Abbreviations: aOR, adjusted odds ratio; CI, confidence interval; MCI, mild cognitive impairment.

We examined the effect of race on diagnosis in predicting each comorbid condition. Black CN Americans were at significantly higher risk of having HTN (aOR = 4.29, CI = 3.65–5.05, p < 0.001), HLD (aOR = 1.18, CI = 1.02–1.37, p < 0.001), and DM (aOR = 3.17, CI = 2.61–3.85, p < 0.001) compared to White CN Americans. Black Americans with aMCI were significantly more likely to have HTN (aOR = 3.01, CI = 2.35–3.88, p < 0.001), and DM (aOR = 2.94, CI = 2.24–3.85, p < 0.001) compared to White Americans with aMCI, but no significant difference was found in the likelihood of having HLD (aOR = 1.06, CI = 0.84–1.33, p > 0.05). Finally, Black Americans with naMCI were significantly more likely than White Americans with naMCI to have HTN (aOR = 5.76, CI = 3.45–9.94, p < 0.001) or DM (aOR = 3.05, CI = 1.78–5.16, p < 0.001) but not HLD (aOR = 1.13, CI = 0.73–1.76, p > 0.05). The forest plot (Figure 1) shows the odds ratios and 95% confidence intervals for predicting comorbidities across predictors: diagnosis, race, BMI, and demographic characteristics from the regression analysis (Table 5).

Forest plot illustrating the odds ratios for predicting comorbidities across predictors: diagnosis, race, body mass index, and demographic characteristics. Each point reflects the odds ratio, with the horizontal lines indicating 95% confidence interval.
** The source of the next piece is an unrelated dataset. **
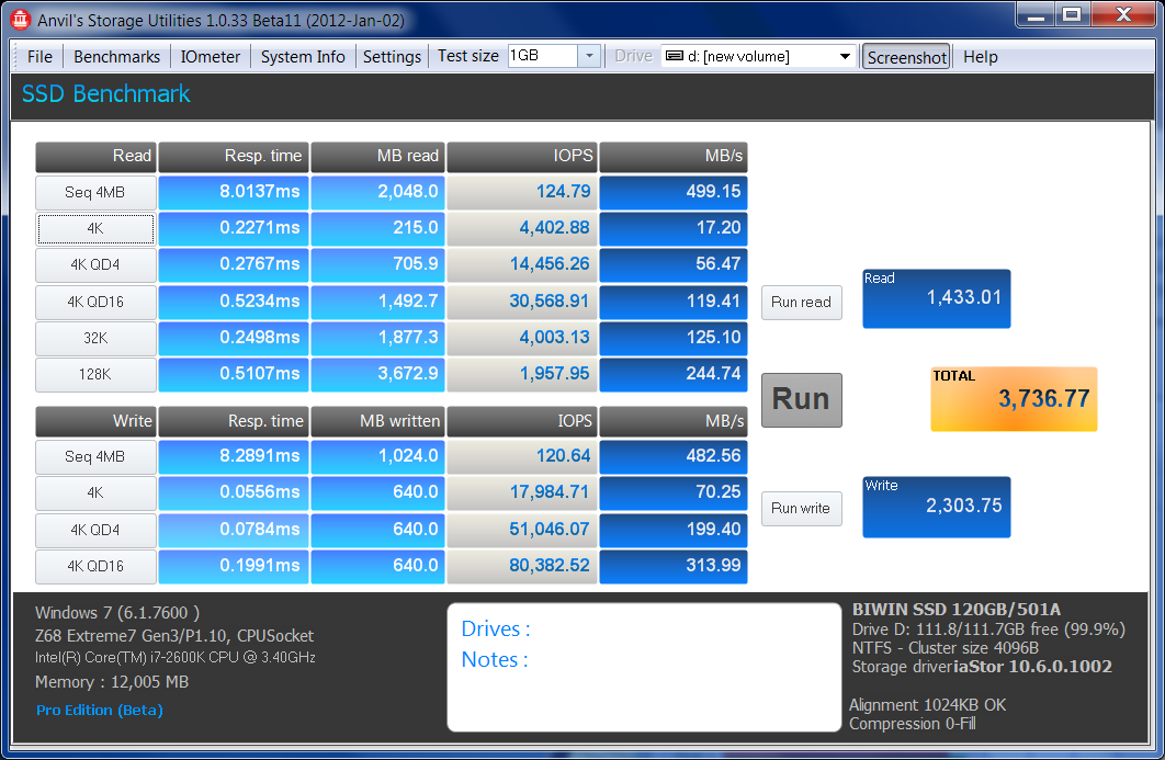 Over the last little while, we have been assisting with beta testing new benchmark software called Anvil Storage Utilities which is an absolutely amazing SSD benchmarking utility. Not only does it have a preset SSD benchmark, but also, it has included such things as endurance testing and threaded I/O read, write and mixed tests, all of which are very simple to understand and utilize in our benchmark testing.

Finally, we conducted a multinomial logistic regression to understand predictors of those with multiple comorbidities as compared to just a single condition or no condition and results are presented in Table 6. Older age (aOR = 1.04, CI = 1.03–1.05, p < 0.001), males (aOR = 1.26, CI = 1.12–1.42, p < 0.001), and individuals with higher BMI (aOR = 1.48, CI = 1.39–1.58, p < 0.001) were all predictive of having at least one medical condition compared to not having any conditions. Although neither education nor diagnosis predicted increased likelihood of having just one comorbid condition, Black Americans were significantly more likely than White Americans to have at least one medical condition among CN individuals (aOR = 1.66, CI = 1.36–2.03, p < 0.001), participants with aMCI (aOR = 1.88, CI = 1.35–203, p < 0.001), and persons with naMCI (aOR = 2.15, CI = 1.06–4.36, p = 0.033).

TABLE 6.

Multinomial logistic regression model (reference group = 0 comorbid conditions): To find the association between the number of comorbidities, diagnosis, and race.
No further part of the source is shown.